I've read alot about the procedure for doing decals but they are all on acrylic or PR.  Is there a way to do it on a wood pen and so what would the procedure be or would it be the same regardless of the material.


----------



## lorbay (Feb 1, 2017)

I do these on wood all the time. I put 5 coats of CA and then polish it apply decal and then more CA. 
Lin


----------



## jttheclockman (Feb 1, 2017)

It is done all the time. Treat the wood as acrylic in that seal it before you apply the decal. Most people go all the way and do several coats of CA and polish but do not put a plastic polish under it. Blends in better.


----------



## Rockytime (Feb 1, 2017)

As already posted, it works flawlessly. CA then decal then CA.


----------



## SeahawkBeau (Feb 1, 2017)

Thanks Guys, now I just have to get better at doing a CA finish.  The decal idea is something I am gonna try out, I have had a friend that has been doing the laser engraving for me but I think the decal idea would give me more options but the person who is interested in this idea does not like acrylic, only wood and she likes the lighter woods so that works out great.  If she likes my ideas she has promised a minimium of 100 pens a year.


----------



## larryc (Feb 2, 2017)

American Holly works great. It's wood and has practically no grain to detract from the decal image.


----------



## Skie_M (Feb 2, 2017)

Hmmm ... his lady friend is the one interested, and she doesn't like plastic ...  American Holly, properly finished in a shiny CA finish after buffing, would probably look like a white or off-white plastic.

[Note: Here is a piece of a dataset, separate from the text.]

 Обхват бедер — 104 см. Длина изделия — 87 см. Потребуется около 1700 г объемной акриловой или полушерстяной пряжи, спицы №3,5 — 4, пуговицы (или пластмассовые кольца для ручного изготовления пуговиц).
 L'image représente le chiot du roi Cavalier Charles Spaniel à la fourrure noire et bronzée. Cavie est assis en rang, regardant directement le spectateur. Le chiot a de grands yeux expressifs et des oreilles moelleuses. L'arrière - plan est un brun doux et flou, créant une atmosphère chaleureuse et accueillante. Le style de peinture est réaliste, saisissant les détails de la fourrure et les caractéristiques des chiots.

I might think about asking her if she has a particular preference for the wood species, especially if she wants to see wood grain.  Beech, Maple, Poplar, and Persimmon (white ebony) come to mind.

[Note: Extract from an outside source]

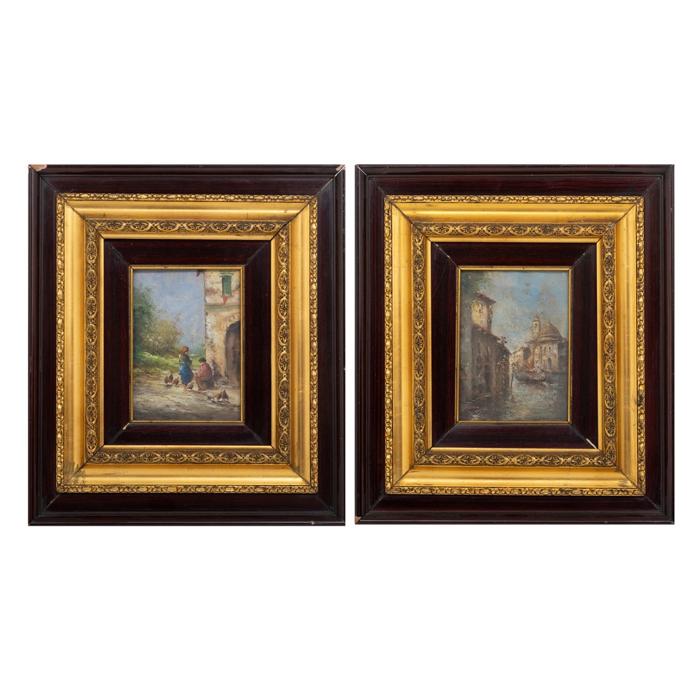 PITTORE DEI PRIMI DEL '900, Due oli su cartoncino

Also, if the grain interference might be a problem, you could also mention that there's a white background decal paper you could use, in addition to the clear background paper.  In fact, you could possibly make one part of the design using clear, so that you can see the wood grain through it, and the part that needs to show up clearly could be made on white background paper.


----------



## SeahawkBeau (Feb 2, 2017)

The one she liked was actually spalted Maple, would be very easy to put a decal on.  The few samples I had were not stablilized so they really didn't looke that good.  I just got my stabilization set up today so I will shoot her out some samples.  Thanks guys for all the help.  Any suggestions for a decal program or is that another topic someplace else.


----------



## Skie_M (Feb 2, 2017)

Any image program should work OK ... it's mostly the printer you need to work the kinks out of.

I use Microsoft Paint.  It came with Windows.

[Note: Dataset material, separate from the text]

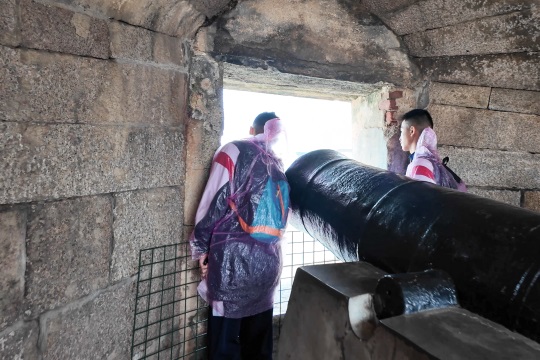 威遠(yuǎn)炮臺是一座銹跡斑斑卻不失莊嚴(yán)神圣的炮臺,書寫了一段浴血奮戰(zhàn)、保家衛(wèi)國的抗?fàn)幨贰6衽诼曤m無,師生卻仍能在喧囂的浪潮與海風(fēng)中緬懷那些不懼外敵、不屈不撓的民族魂,以及反思那段抗敵御辱卻痛失國土的屈辱史。參觀過程中,各人無不心潮澎湃、感慨萬千。

I can get into my printer settings and set up page sizes, but I find that to be a little tedious.

My decal sheets come as a half-sheet size of standard paper 8.5" x 11" .... 2 easy ways around using that setup.


You can simply turn the decal sheet sideways, so that it is entering the printer with the same width as your standard paper .... and set the image printing program up so that the image will be printed in the TOP HALF ONLY of the page.

Or you can TAPE 2 PIECES OF DECAL PAPER TOGETHER FROM THE BACKSIDES, insert just like a regular sheet of paper ....  and make sure that nothing will be printed right in the middle.


----------



## Math2010 (Feb 10, 2017)

Wich brand of decal paper do you use?


----------



## jttheclockman (Feb 10, 2017)

Math2010 said:


> Wich brand of decal paper do you use?



www.penturners.org/forum/f14/water-slide-decal-material-141887/



www.penturners.org/forum/f178/paper-printer-choose-140535/


www.penturners.org/forum/search.php...earchinfo=1&photoplog_searchquery=decal+paper


----------



## SeahawkBeau (Feb 10, 2017)

Math2010 said:


> Wich brand of decal paper do you use?



I just bought Bel Inkjet Decal Paper online from DecalPaper.  I followed the instructions when I printed it up and the detail was amazing.  I sprayed the acrylic spray on it to seal it today and will be putting it on tomorrow.  when I am done I will post pictures.


----------